I have been quite busy at work up until now. Our subject area is one of the few that are expanding, (us – film and midwifery) – btw have you seen the hyper realistic dolls they use these days ? – strewth the one I saw (the class was clearing as I was setting up – it breathed!) and our staff team is small and spread over lots of students. I have been involved in one or two interesting outside projects the best one I am not yet allowed to talk about but if it happens I may be leaving my mark on the British seaside. I collaborated on an article about blogging about death to be given at a conference in Denmark (has to be a Scandy country doesn’t it) cancelled due to risk of death from virus – tee hee. I have designed my ultimate secret-fortune-making app which I may well have time to launch during the next few months if I can figure how to build it. The telephone box moves ahead glacially, not through lack of effort but lack of technical skill but I hope to launch it with performances from October 31st. I wrote two stories for the Mogford Prize but submitted only one. It about a fat granny who eats too many sweets and then mistakes the contents of Lush as sweets and eats them as well – with truly ‘hilarious’ results (not). It will definitely win the ten grand. I have made some fun stuff with the students – an app to make a friend (literally from PlahDoh) and an alternative game interface using plastic flowers and scissors. I am lucky – work is fun a lot of the time.

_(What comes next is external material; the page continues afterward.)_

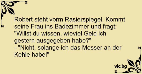 Robert steht vorm Rasierspiegel. Kommt seine Frau ins Badezimmer und fragt:

Other news – I had one counselling session to address some of my absurd anxieties about the risk of my loved one being abducted by aliens. My strongly opinionated doctor recommended it when I went in begging for drugs. The councillor was exactly what I expected. In her 50’s I guess, intelligent, pleasant, reasonably open although I would not have like to push too hard on that door – could have been slammed in my face, took the session seriously all the time, which was probably right but my jokes bombed which was dispiriting. It was great talking uninterrupted about myself for an hour. Bit like this post. I really enjoyed it, but benefit came there none. I didn’t feel anything. Ok I hadn’t soiled myself as can happen when I am allowed free reign to impro but talking is easy for me, too easy some would say, I am lucky, I have loads of willing listeners so I had no big revelation to uncover. No I wasn’t a miserable child, my relationship with my parents, pets, friends, partner, kids is fine. I am not worried about being ill about being dead or any sensible worry even viruses – I am very happy with my life but I fret about ridiculous things, all crazily vivid imagination born but with a strong hint of fable or film – the abduction by aliens thing is actually more or less true – I worry that Maria has vanished into the wood like and Gretel or Little Red Riding Hood when ever she goes chogging (getting sticks) – perhaps she just needs to stop doing things that remind me of fairy tales or perhaps she just needs to stay still and safe forever hands resting on thighs like my beloved Gilbert and George – so you see I would like to turn that particular imaginative obsessive stupid switch to sensible. The councillor pretty much sacked me before I sacked myself. I think she might have been bored. It seems I am totally sane or at least no less sane than the average, which is a slight disappointment. It seems I just need to put up with it – being sane I mean – so I will.